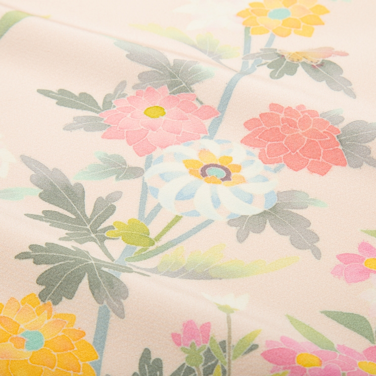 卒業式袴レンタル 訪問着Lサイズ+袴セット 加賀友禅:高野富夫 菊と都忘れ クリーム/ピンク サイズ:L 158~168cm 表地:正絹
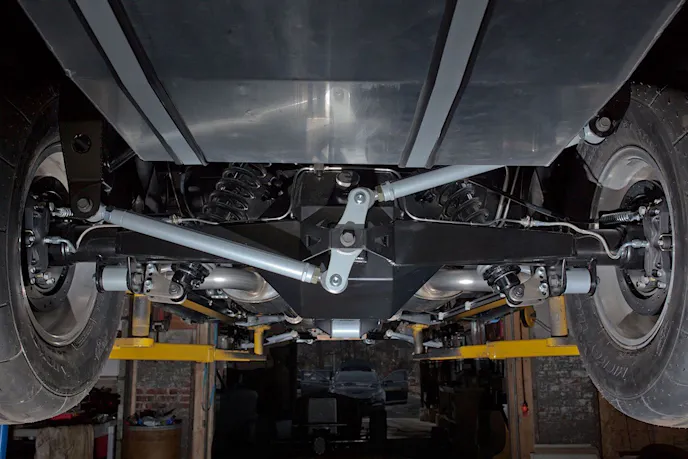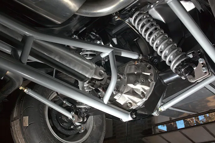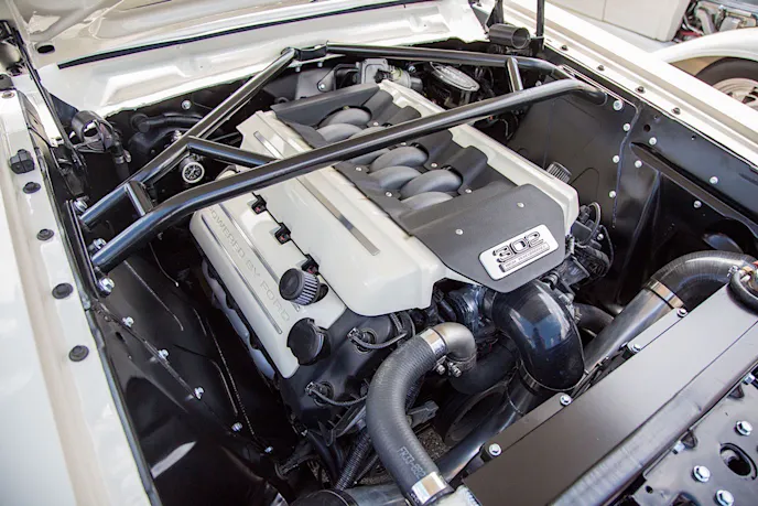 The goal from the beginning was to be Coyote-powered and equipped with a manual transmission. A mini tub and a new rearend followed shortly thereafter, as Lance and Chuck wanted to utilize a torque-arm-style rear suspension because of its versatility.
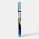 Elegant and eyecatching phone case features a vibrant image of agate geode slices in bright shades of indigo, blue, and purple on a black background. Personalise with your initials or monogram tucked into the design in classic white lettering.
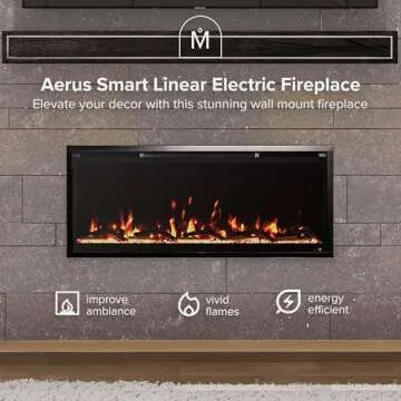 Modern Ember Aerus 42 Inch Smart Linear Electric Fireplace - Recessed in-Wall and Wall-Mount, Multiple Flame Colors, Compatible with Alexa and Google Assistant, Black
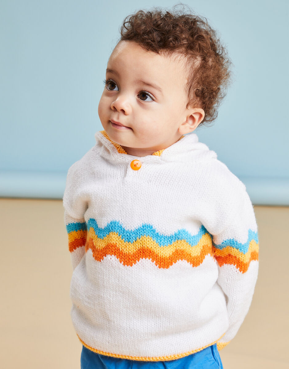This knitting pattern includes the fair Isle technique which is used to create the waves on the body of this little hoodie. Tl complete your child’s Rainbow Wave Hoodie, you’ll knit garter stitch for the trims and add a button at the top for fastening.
☆ ☆ ☆ ☆ ☆
With the pictures excluded, retype exactly the lines from the one containing "Modern Ember Aerus" through the last line of the listing, both ends included.

 Modern Ember Aerus 42 Inch Smart Linear Electric Fireplace - Recessed in-Wall and Wall-Mount, Multiple Flame Colors, Compatible with Alexa and Google Assistant, Black
This knitting pattern includes the fair Isle technique which is used to create the waves on the body of this little hoodie. Tl complete your child’s Rainbow Wave Hoodie, you’ll knit garter stitch for the trims and add a button at the top for fastening.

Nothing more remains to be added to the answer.